Seares: Inventory of seized drugs: Are journalists required to join?

A “media man” and a prosecutor in Cebu were among the persons mentioned in a list released by Malacañang through the 888 hotline, according to an Aug. 12, 2018 column by Lloyd Suarez in Cebu Daily News.

The two local personalities were not identified as the report was still to be validated by R2 or intelligence arm of the police regional office. Most likely, it was still a raw tip or complaint, thus the need to verify it first.

But it raised to the surface the little known practice of the police to use journalists as witnesses to the inventory of illegal drugs seized or surrendered.

What law requires

Under Sec. 21 of Republic Act 9165 or Comprehensive Dangerous Drugs Act of 2002, immediately after seizure or surrender of illegal drugs, the suspected contraband shall be photographed and inventoried, which shall be witnessed and signed by the suspect or his lawyer or another person on his behalf and representatives from the Department of Justice, the media and an elected public official.

Who among the media? It’s not like the media collectively appoints a representative for the task. The law does not specify who from media is qualified to be a witness and from where: print, broadcast or digital; mainstream or social media; regular staff, contributor or block-timer; accredited or non-accredited.

The penalty on drugs is stiff and the requirement of witnesses to the content and volume of the contraband may help enforce the law justly.

Absence of reps

What if the media person or any other representative required by the law were absent? The Supreme Court in the case of People vs. Sammy Umpang y Abdul (GR #190326 of April 25, 2012) said the absence of a witness or witnesses by itself does not invalidate the evidence.

The state needs only to show that it exerted efforts to get the witnesses and the lack of signatures on the inventory didn’t affect the “integrity” and “evidentiary value” of the confiscated items. Law enforcers who want to send the arrested persons to jail are diligent in securing the required witnesses.

Can’t be compelled

Which takes these questions up front:

• Can a media person be compelled to be a witness to the recording of the seizure or surrender of illegal drugs?

No, the law doesn’t say so. Except probably from a sense of civic duty, although his journalism work to a large extent already helps the community, And the journalist may need to get permission of his editor or manager as time would be taken off from his basic work.

Unlike the DOJ rep or the elected official, a journalist is not part of the government machinery. The journo may beg off from the job of witnessing the seizure. In contrast, barangay officials in Ermita, Cebu City could not: they were sued and suspended for failing or refusing to act as such witnesses.

• May a media person ask for or accept an allowance or stipend for his time and energy?

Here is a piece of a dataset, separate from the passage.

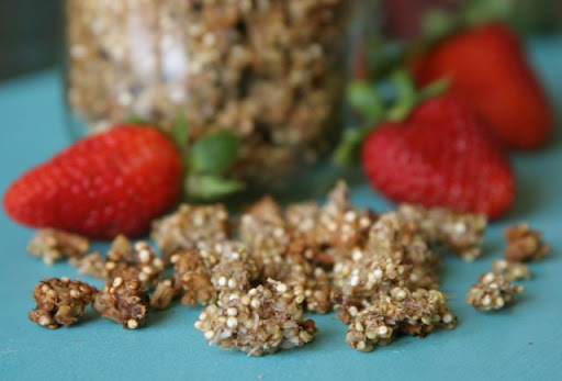 Packed with protein, fiber, and healthy fat, a handful of this crunch sticks with me and tides me over until my next meal. Enjoy this healthy snack by the handful or sprinkled over fresh fruit, applesauce, or smoothies for some added crunch. For extra sweetness, stir 1/2 cup raisins or other dried fruit into the mixture upon removing it from the oven.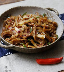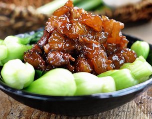 这是比较传统的家常菜,裹了甜酱的肉丝,冒着热气,在青葱味道陪伴下;刚好去腻而成味鲜的菜。此菜老人小孩都喜欢。

Lloyd Suarez in his column said the president of a group of beat reporters covering the police and other law enforcers had suggested to the agencies that journalists who witness an inventory be given “gas money” for their trouble. The “media man” who was named in the Malacañang hotline as a recipient of “weekly payola” denied to Lloyd that he was in the PDEA payroll. At most, the “media man” admitted, he received P500-P1,000 allowance each time he witnessed an inventory.

Subsidy, situation

The sticky situation created by the subsidy, petty as the amount may be, provides a valid reason not to join the government task. The witness ties himself to the duty of defending his signature and what it signifies in court. Worse, he may be exposed to the risk of being associated with law enforcers who are vulnerable to the wiles of, if not assault by, drug traffickers.

But on witnessing the inventory, the decision rests on the news outlet manager and, ultimately, the journalist himself: whether a news reporter must take time off from media work to take part in the government function.